The task consists of three parts. First, you have to investigate the limits for set sizes on your own system. Then you need to calculate the exact number of unique elements of a part of the stream using map-reduce. Finally, you will need to use two approximate methods for determining the cardinality of a stream of data.

This task is performed either individually or as a pair. You are free to work using the programming language you want, however, make sure you take a language in which you can read from standard input and in which you can handle the elements as a stream.

Part I

Investigate the limits of the set implementation of the programming language on your computer. The goal of this exercise is not to write an optimized implementation to achieve larger set sizes. Instead, the goal is to get an idea of the magnitude which a normal machine can handle.

To test this, write something like this:

make an empty set
while (true){
    start timer
    add 1000000 new elements to the set (you can just use 64 bit integers)
    end timer and print time
}

You do not have to use the generator to produce items to be added to your set. Instead, you can just use a counter which is incremented after each add operation. You can stop the process once you notice that it seems to take a long time (>1 min)to add the batch of elements or when you run out of memory (which seems more frequent). On Linux you can limit the amount of memory the process can use. After executing ulimit -Hv 5000000 processes started in that terminal can not use more than 5GB of memory. (This is not strictly necessary but prevents the machine from swapping.)
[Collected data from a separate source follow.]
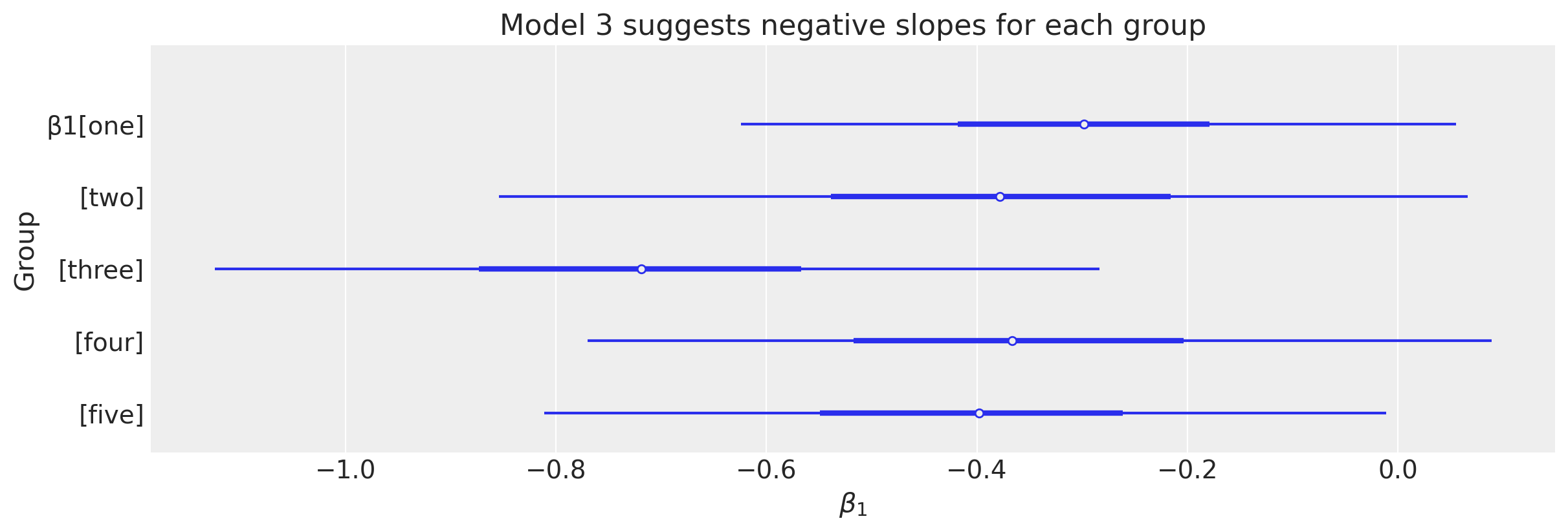 The plot below takes a closer look at the group level slope parameters.
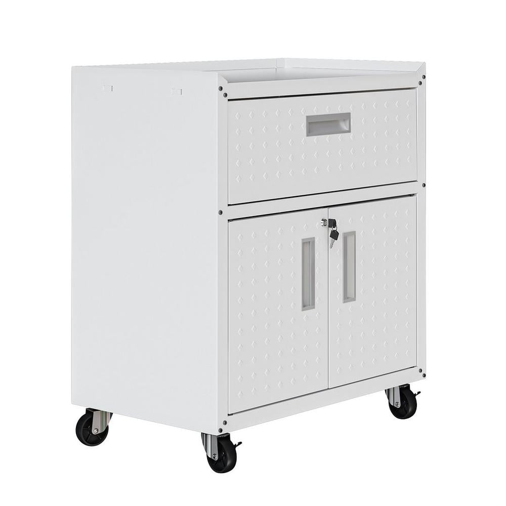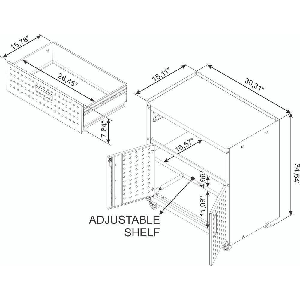 Mobile Diamond Shape Texture Metal 31.5″ Storage Cabinet for Garage Use. Upon assembly, Garage Cabinet Dimensions Measure: 30.3 in. Length, 31.5 in. Height, 18.2 in. Depth. Includes 2 Doors, 1 Adjustable Shelf and 1 Full Extension Drawer. Features Unique Door Lock and Key. Recessed Metal Handle Space Saving Design – Fits Under the Manhattan Comfort Fortress Garage Work Table. Includes Swivel Casters for Easy Mobility and a Metal Latch to Lock Wheels Home Assembly Required. All Hardware Included.
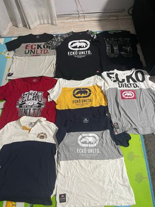 Lote de siete camisetas de la marca Ecko Unltd. Variedad de colores y diseños. - Tallas L y XL. - Diseños con el logo de Ecko. - Incluye camiseta tipo polo. Camietas usada y con marcas de uso. De ahi su precio economico. Tal y como se muestran en las fotos
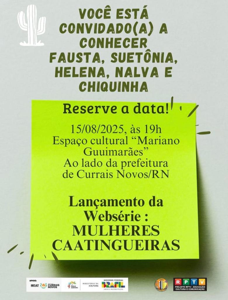 Nesta sexta-feira, 15 de agosto de 2025, Currais Novos será palco de um momento especial de memória, arte e valorização da mulher sertaneja. Às 19h, no Espaço Cultural Mariano Guimarães, acontece o lançamento da websérie “Mulheres Caatingueiras do Seridó”, com entrada gratuita e aberta ao público.
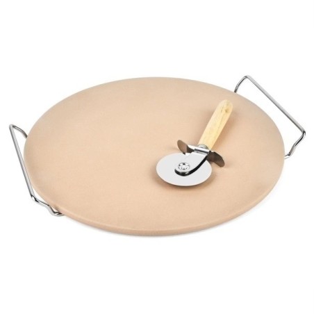 Kamień do pizzy 33 cm ze stojakiem i radełkiem marki Konighoffer. Idealny do przyrządzania i serwowania pizzy.
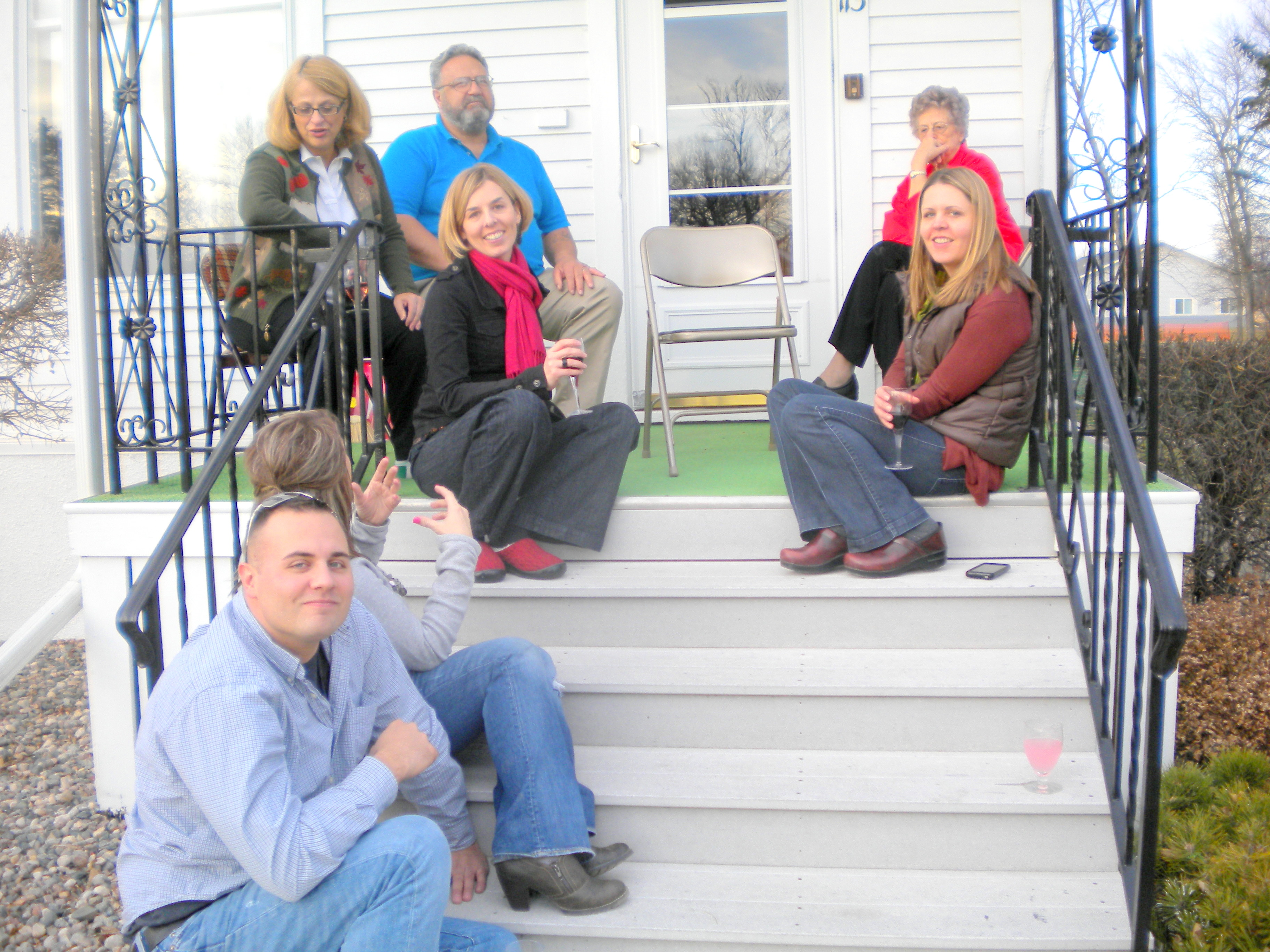 And while resting up before the pie course, we did something hardly ever done in these northern parts at Thanksgiving – we sat outside on the porch! (The ones not napping.)

Most likely, the timings will not be linear. If the set you used is based on hashing, the time for adding elements is basically constant independent on the set size. However, once in a while the table used to store the values needs to be re-sized, which will take longer for larger sets.

You need to report

the amount of memory you have,
the language and set type you used
a chart of the timings,
and how many elements you could store.

If you have set specific memory options, you should report these as well.

Part II

In order to work on Amazon infrastructure, you first need to get your personal password from http://jyu-aws.appspot.com and log-in to AWS.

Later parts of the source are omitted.